Me as an adult: I hope to one day finish a bottle of shampoo and conditioner at the same time.
Met a friend from Twitter in real life and didn’t get murdered. Take that, Mom.
wife: are you drunk?
me: define “drunk”
w: impaired by an excess of alcohol
m: define “excess”
w: yeah, you’re drunk
m: define “you’re”
putting some whiskey in my coffee cuz its ireland somewhere
WIFE: i have a gynecologist exam today
ME: what?? i didn’t even know you were in med school
1) Worms have no bones.
2) Gummi worms are made of gelatin.
3) Gelatin is often made of bones.
4) Gummi worms have more bones than real worms.
Google search history:
•Gloves keep growing on tree?
•How do I get hand in tight gloves?
•Can gloves piss/bite?
•What is a squirrel?
😂💯
The subtext of Moby Dick, The Rime of the Ancient Mariner, and most of Conrad is that you should never make eye contact with a retired sailor because he’s just waiting to tell you some interminable story about his time at sea.

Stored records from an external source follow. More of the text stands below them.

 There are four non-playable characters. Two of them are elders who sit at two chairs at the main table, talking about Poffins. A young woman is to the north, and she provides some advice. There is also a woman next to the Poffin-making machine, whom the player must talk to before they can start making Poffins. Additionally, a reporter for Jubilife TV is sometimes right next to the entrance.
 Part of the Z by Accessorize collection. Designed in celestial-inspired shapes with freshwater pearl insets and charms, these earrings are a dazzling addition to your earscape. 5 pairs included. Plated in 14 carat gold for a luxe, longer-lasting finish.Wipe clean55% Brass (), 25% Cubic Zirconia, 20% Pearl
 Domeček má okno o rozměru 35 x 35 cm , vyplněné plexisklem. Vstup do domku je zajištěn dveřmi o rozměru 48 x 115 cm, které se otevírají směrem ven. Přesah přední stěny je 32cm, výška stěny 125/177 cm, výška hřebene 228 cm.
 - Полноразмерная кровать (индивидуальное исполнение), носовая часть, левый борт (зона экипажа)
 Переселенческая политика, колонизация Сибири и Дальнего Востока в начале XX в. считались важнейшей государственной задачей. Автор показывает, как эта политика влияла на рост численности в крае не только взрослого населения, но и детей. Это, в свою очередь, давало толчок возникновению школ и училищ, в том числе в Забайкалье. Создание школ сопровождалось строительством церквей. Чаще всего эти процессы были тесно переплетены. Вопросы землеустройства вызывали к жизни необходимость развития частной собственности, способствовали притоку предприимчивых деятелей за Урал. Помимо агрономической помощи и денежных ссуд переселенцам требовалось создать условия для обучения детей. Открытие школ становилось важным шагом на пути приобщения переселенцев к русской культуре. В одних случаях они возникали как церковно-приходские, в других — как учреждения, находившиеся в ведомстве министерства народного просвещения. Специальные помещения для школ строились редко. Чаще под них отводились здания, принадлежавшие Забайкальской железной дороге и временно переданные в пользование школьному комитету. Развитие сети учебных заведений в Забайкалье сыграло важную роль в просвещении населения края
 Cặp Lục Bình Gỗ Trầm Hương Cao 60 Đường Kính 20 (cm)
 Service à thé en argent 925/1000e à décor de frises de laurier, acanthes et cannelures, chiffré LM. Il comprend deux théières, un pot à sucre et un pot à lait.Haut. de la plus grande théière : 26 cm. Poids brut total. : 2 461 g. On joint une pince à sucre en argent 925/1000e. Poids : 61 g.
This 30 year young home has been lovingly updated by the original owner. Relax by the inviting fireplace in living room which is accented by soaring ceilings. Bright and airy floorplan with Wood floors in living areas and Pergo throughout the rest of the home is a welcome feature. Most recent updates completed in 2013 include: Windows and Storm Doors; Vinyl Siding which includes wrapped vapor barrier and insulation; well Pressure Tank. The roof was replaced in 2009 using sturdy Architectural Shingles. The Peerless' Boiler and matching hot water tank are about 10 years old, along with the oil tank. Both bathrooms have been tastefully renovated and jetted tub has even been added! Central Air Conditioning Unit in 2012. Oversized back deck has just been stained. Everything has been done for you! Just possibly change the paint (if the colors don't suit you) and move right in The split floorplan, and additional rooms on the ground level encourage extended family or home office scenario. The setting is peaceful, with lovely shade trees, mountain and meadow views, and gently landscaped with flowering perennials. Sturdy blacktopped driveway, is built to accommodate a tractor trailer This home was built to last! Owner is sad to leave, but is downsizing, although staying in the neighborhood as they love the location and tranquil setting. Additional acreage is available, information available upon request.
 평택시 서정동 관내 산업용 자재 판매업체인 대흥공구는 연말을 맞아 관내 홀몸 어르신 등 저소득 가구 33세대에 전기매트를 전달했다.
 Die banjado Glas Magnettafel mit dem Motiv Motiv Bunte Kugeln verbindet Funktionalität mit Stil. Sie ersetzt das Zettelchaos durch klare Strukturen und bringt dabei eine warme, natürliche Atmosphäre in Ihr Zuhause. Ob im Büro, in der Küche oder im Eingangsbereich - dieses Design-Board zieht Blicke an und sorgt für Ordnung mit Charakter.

Based on the number of AVI pics taken in your cars, I’m guessing that quite a few of you girls are on the run
Scooterology is the science of moving things just a smidge
[donating blood]
Me [feeling lightheaded]: I’m gonna need that back
[Picking up girls]
Me: you like bad boys, huh?
Girls: yea
Me to my wing man: tell them
Wing man: he’s just literally the worst
[in basement lab]
wife: you cant just make your own honey
me: (mouth dry, spitting pollen everywhere) I know that now Lisa.
“SOMEBODY had a lot of time on their hands.” What dull people say about creative people.
JUDGE: Are you trying to bribe me?
ME: All I’m saying is I could easily cut this burrito in half.